昨日のNHKニュースでようやく映し出され、それによると北京でも武漢に負けないくらい激しい不買運動が行われ、入り口前では向こうの大学生が「国を愛するなら何も買うな」と大声で周りに不買を呼びかけてました。それに対して上海は「理性を持って愛国を示す」と言って、大学生達は愛国を掲げたシールをカルフール前で配っていました。上海のがやっぱり洗練されてるね。
そんなこんなの不買問題ですが、この問題について五月三日発売の週刊現代にて秀逸な記事が載っていましたので紹介します。

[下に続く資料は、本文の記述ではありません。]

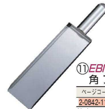
⑪EBM 18-8 角 アンサン
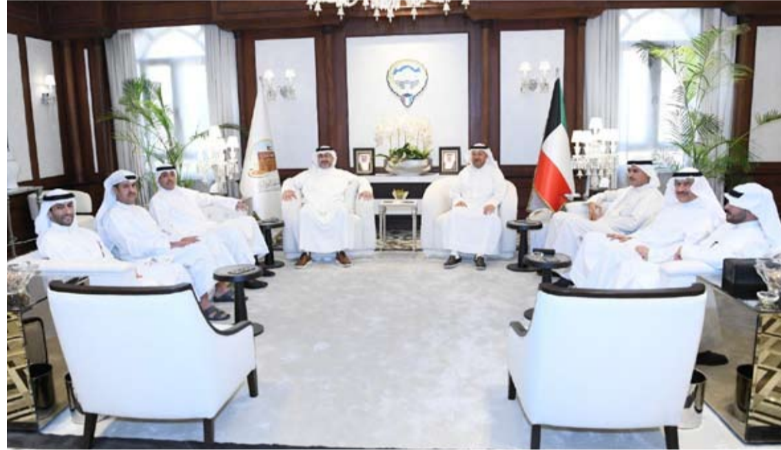
جانب من اجتماع المحافظين في محافظة الفروانية

الإدارة المحلية والتنمية المستدامة بما يواكب التحديات والمتغيرات التي تشهدها المدن العربية. وأكد الشيخ عذبي الناصر، أهمية تعزيز أو أصر التعاون والتنسيق بين المحافظات والجهات المعنية بما يسهم في تبادل الخبرات والاستفادة من التجارب الناجحة. وأشار إلى تأكيد المحافظين -خلال الاجتماع- حرصهم على تعزيز التعاون واستمرار اللقاءات التنسيقية بما يعزز العمل العربي المشترك ويخدم أهداف التنمية والتطوير في مختلف المدن والمحافظات العربية بالشكل الذي يلبق بسعة ومكانة دولة الكويت. كما أشادوا بالدور الريادي الذي تقوم به منظمة المدن العربية في خدمة العمل التنموي العربي المشترك مؤكداً أهمية تعزيز أوجه التعاون مع المنظمة والاستفادة من برامجها ومبادراتها التوعوية بما يسهم في دعم جهود التنمية المحلية وتبادل الخبرات والمعارف بين المدن والمحافظات العربية. حضر اللقاء من جانب منظمة المدن العربية مستشار الأمين العام شماري المباركي ورئيس قطاع الشؤون الخارجية والشركات عبدالله الرشيد.
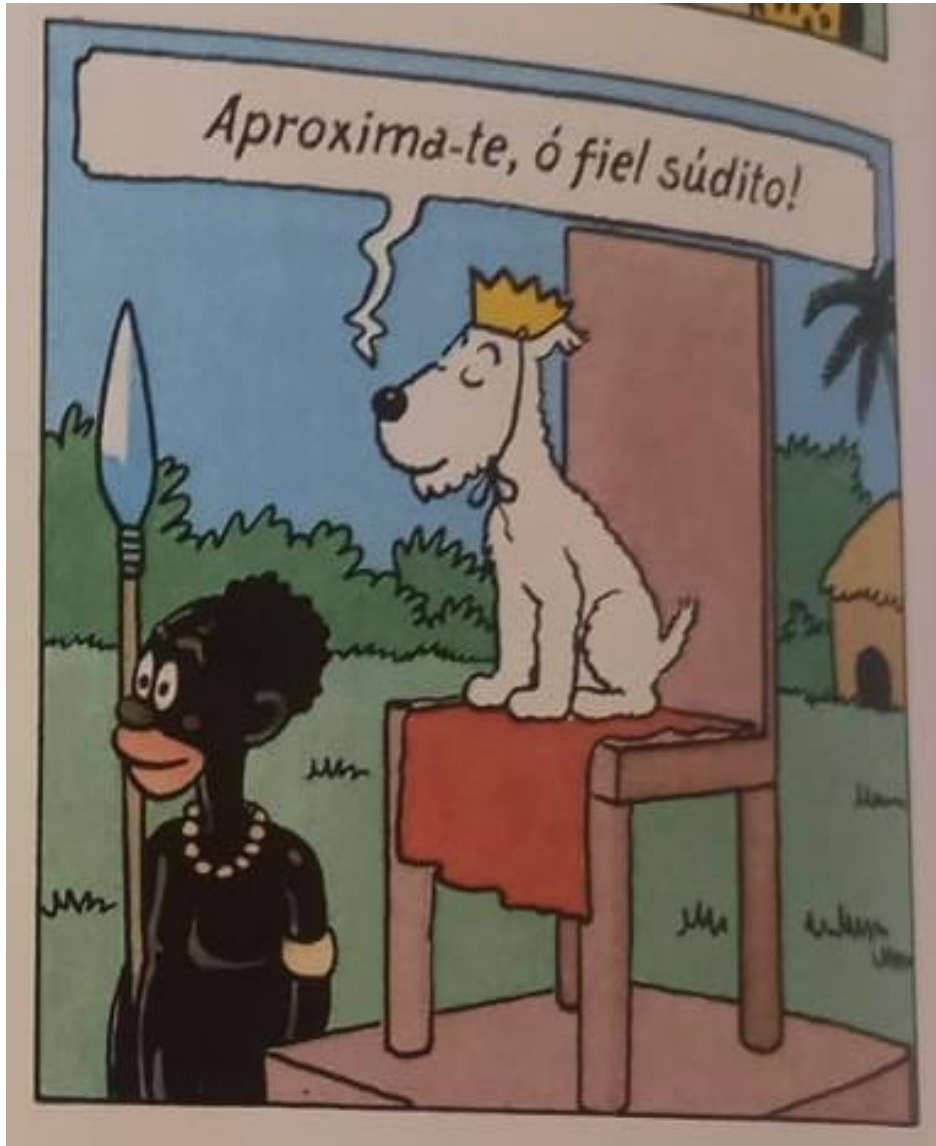
Figura 18 – Milu sentado no trono dos pigmeus.

Fonte: Hergé, 1907-1983. Tintim no Congo (As aventuras de Tintim). 2008. p. 50.

この週の週刊現代(どうでもいいですが、時たま「週刊ヒュンダイ」と読んでしまいます)は中国特集をしており、各界のチャイナウォッチャー達がそれぞれ意見を寄せています。記事を寄せた中には評論家の宮崎正弘氏もいますが、この人の書いた「出身地でわかる中国人」という文春新書の本は非常によく出来ており、現在でも参考することが多く重宝しています。中国社会を研究する方には必携です。
そして肝心の秀逸な記事ですが、それを書いたのは作家の星野博美氏で、この人によると、
「反日など彼ら(中国人)にとってガス抜きに過ぎませんが、本当に怖いのは反西洋になった時で、何が起こるか分かりません」(文中から引用、括弧の中身は私の脚注)

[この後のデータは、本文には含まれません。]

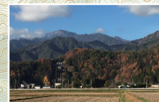
残雪の北アルプスと水田が長閑な風景を見せる常盤地区の山麓エリア
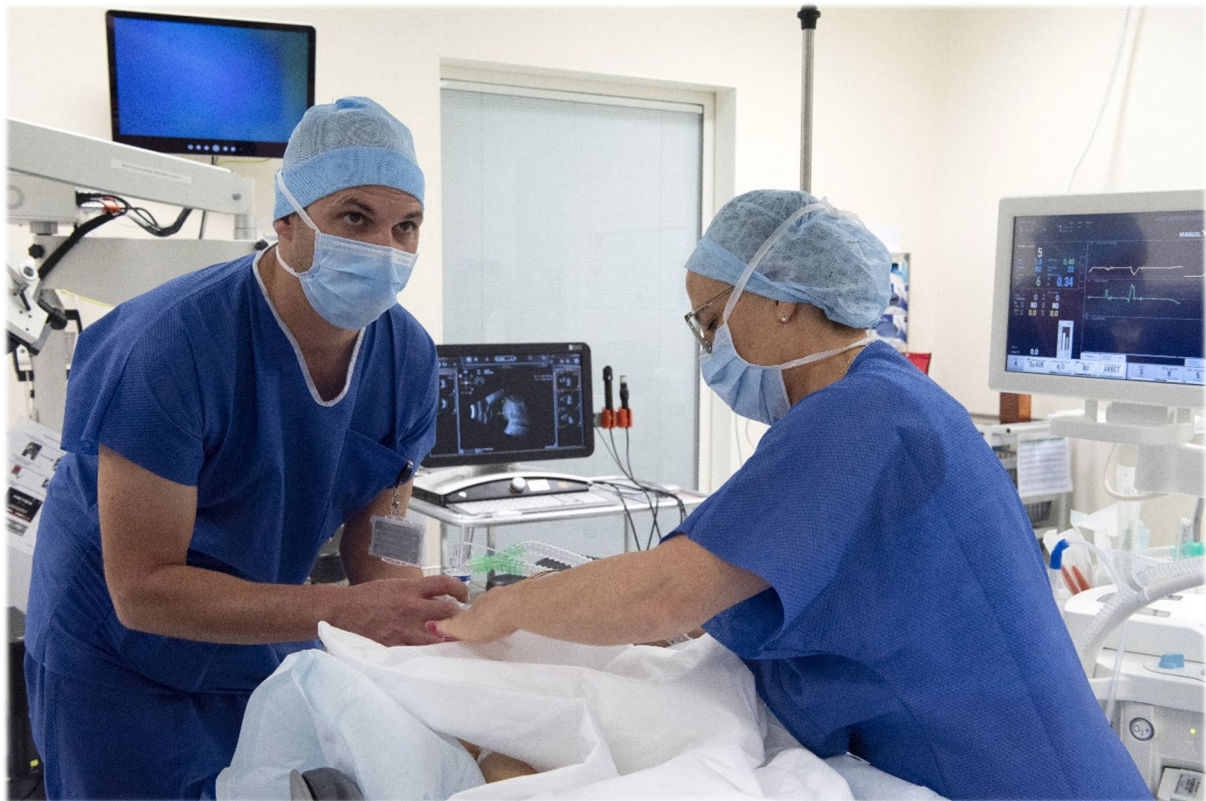
© Une anesthésie au bloc opératoire de l'Hôpital ophtalmique

Un partenariat institutionnel entre les services d'anesthésiologie de l'Hôpital ophtalmique Jules-Gonin et du CHUV a vu le jour. Il s'inscrit dans une vision commune d'optimiser les prises en charge des chirurgies ophtalmiques pédiatriques et ouvre la voie à d'autres collaborations entre les deux services.
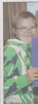
Lännen Oma... yhtiöt Vakka... tivat kukin jo... 5000...
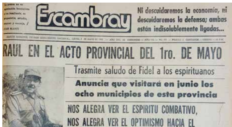
Así reseñó Escambray la visita del General de Ejército en junio de 1985.
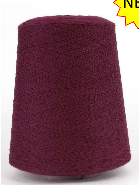
Farbe Bordeaux. Farbnummer. HK1
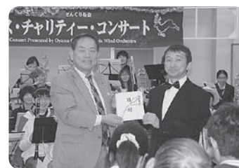
クリスマスチャリティーコンサート収益金
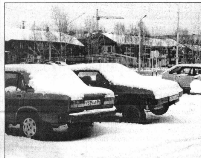
Майский снег укрыл автомобили...
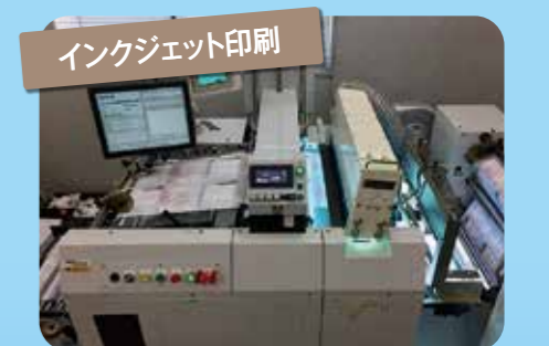
インクジェット印刷

商品券、住民票etc自治体各種証明書、大学etc成績証明書、処方箋、その他用途によって御対応させていただきます。汎用既製品もご用意しております。

この記述を見て、正直私ははっとしました。実際にその通りだからです。
よく日本の番組などでは、「中国の歴史教育は反日を徹底的に子供達に刷り込む」と紹介されることが多いですが、正確には「反外国を徹底的に刷り込む」と言い換えるべきでしょう。
実際に反日教育はなされていますが、実はそれ以上に反西洋教育が徹底されています。アヘン戦争からイギリス軍による円明園破壊、果てには欧米による租借地割譲などを延々と教え込むらしいです。その教育効果はすさまじく、中国に駐在するイギリス人が以前に、「中国人は未だに円明園のことを持ち出す」と嘆く話を聞いたことがあります。
よく日本では反日感情ばかりがクローズアップされますが、私自身、中国人は西洋諸国、特にイギリス、フランス、ドイツに対する反感の方が全然強い気がします。それこそ国民の間に一度火がつくものなら、反日暴動以上に北京政府は手がつけられなくなるのではないかとすら思います。

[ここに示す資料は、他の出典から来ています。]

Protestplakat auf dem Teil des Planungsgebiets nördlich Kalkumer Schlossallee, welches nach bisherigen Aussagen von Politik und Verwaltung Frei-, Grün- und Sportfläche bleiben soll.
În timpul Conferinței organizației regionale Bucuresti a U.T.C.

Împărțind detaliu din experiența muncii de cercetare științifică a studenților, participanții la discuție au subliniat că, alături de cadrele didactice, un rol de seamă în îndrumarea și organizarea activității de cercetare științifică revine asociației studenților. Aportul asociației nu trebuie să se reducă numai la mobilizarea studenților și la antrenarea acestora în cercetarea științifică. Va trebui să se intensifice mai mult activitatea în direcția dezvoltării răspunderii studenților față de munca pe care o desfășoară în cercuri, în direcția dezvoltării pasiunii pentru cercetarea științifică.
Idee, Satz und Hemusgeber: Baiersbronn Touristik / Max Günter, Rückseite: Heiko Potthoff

事実として現在のカルフール不買問題は拡大の一途を辿っています。カルフール側が自体の鎮静化を図るために半額セールを行ったら、「金で中国人の心を買えると思っているのか」と言われ、逆に火に油を注ぐ結果となってしまいました。反日ばかりが目に付くのは仕方がありませんが、こういった方面にも中国を理解するためには気を配る必要があるでしょう。